Terminal residues combine residue chemistry with chain-fragment state. A mature protein can have multiple TER-separated fragments, each with termini. Verify that terminal hydrogens and atom names match the intended protonation state. This is especially important for N-terminal cystines.

Missing residues and heavy atoms

REMARK 465 and related header records are not instructions to auto-fill a PDB. They are warnings that the deposited model is incomplete. Decide whether to model missing residues or heavy atoms with external tools such as PDBFixer, MODELLER, SWISS-MODEL, AlphaFold-derived models, ChimeraX, or PyMOL workflows, then review the result before passing it to PolyzyMD.

Charge mismatch

Treat charge mismatch as a blocker. It means OpenFF’s inferred molecule and the matched substructure disagree. The fix is to make the residue graph, atom names, bonds, hydrogens, and protonation state consistent, not to suppress the error.

4CHA case study

The 4CHA alpha-chymotrypsin preparation can pass structural checks after selecting one enzyme copy, relabeling protein atoms to chain A, preserving TER records, removing waters, and adding hydrogens. Direct OpenFF validation may still fail around the N-terminal cystine and nearby residues. That failure separates PDB cleanup from chemistry assignment.

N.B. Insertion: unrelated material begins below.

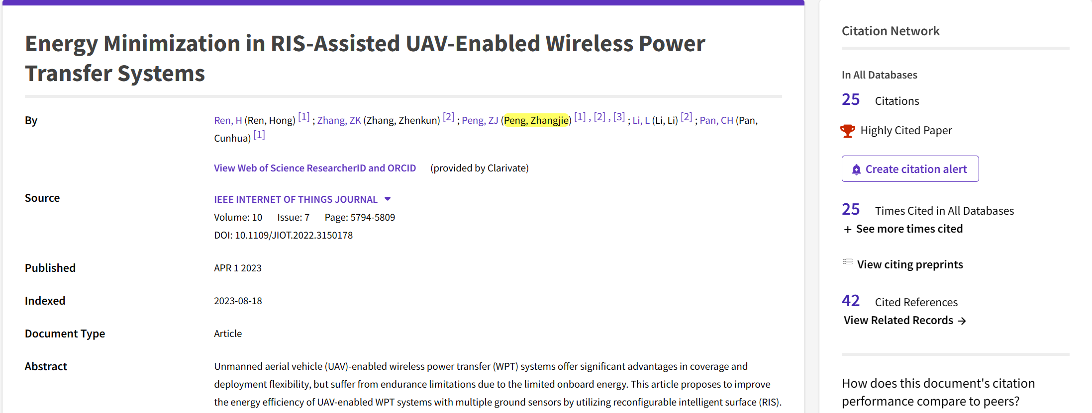 在6G方面,信機學院彭張節副教授作為通信作者在中科院一區期刊《IEEE Internet of Things Journal》上發表的論文“Energy Minimization in RIS-Assisted UAV-Enabled Wireless Power Transfer Systems”,被評為高被引論文(Highly Cited Paper)。
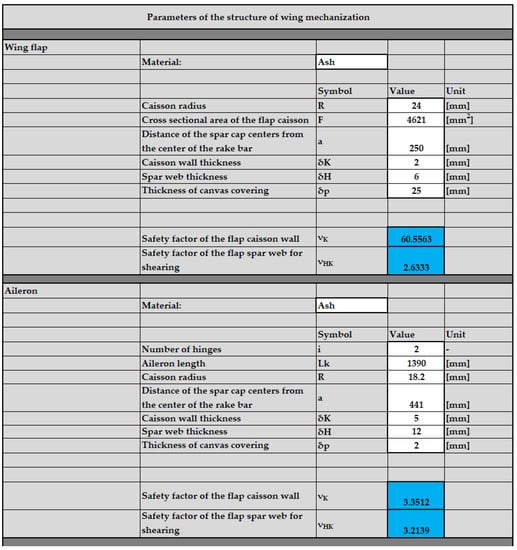 The most important step was to verify the calculated data defining the selected parameters of a given aircraft assembly using an Excel spreadsheet. Defining the following parameters using the functions contained in the sheet was associated with safety factors for a given structure, taking into account further elements such as:

See examples/pdb_preparation/4cha/ for proof-of-concept scripts, including an NCYX custom substructure example. The _custom_substructures argument is a private OpenFF API, so this example is evidence for a targeted workaround or upstream contribution, not a production-ready universal preparation method.

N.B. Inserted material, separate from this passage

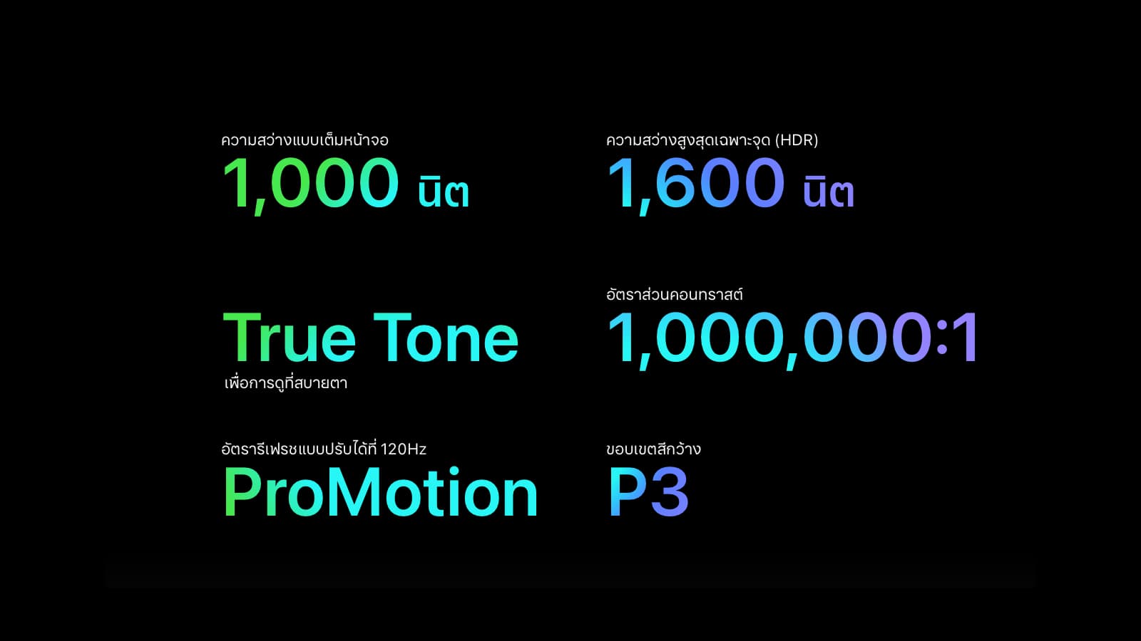 ในรุ่น 12.9″ ใช้หน้าจอ Mini-LED ที่ Apple เรียกว่า Liquid Retina XDR ซึ่งเป็นหน้าจอ ProMotion 120Hz เหมือนเดิม อัตราส่วน

Keep the error catalog current

When you diagnose a new OpenFF PDB ingestion error, update this page and OpenFF PDB ingestion reference before marking the task complete. Add:

exact error text or shortest unique traceback excerpt
likely cause
diagnostic snippet or command
acceptable fix
caveats, especially private APIs or structure-specific assumptions

If the user explicitly defers the update, record that deferral in your final response.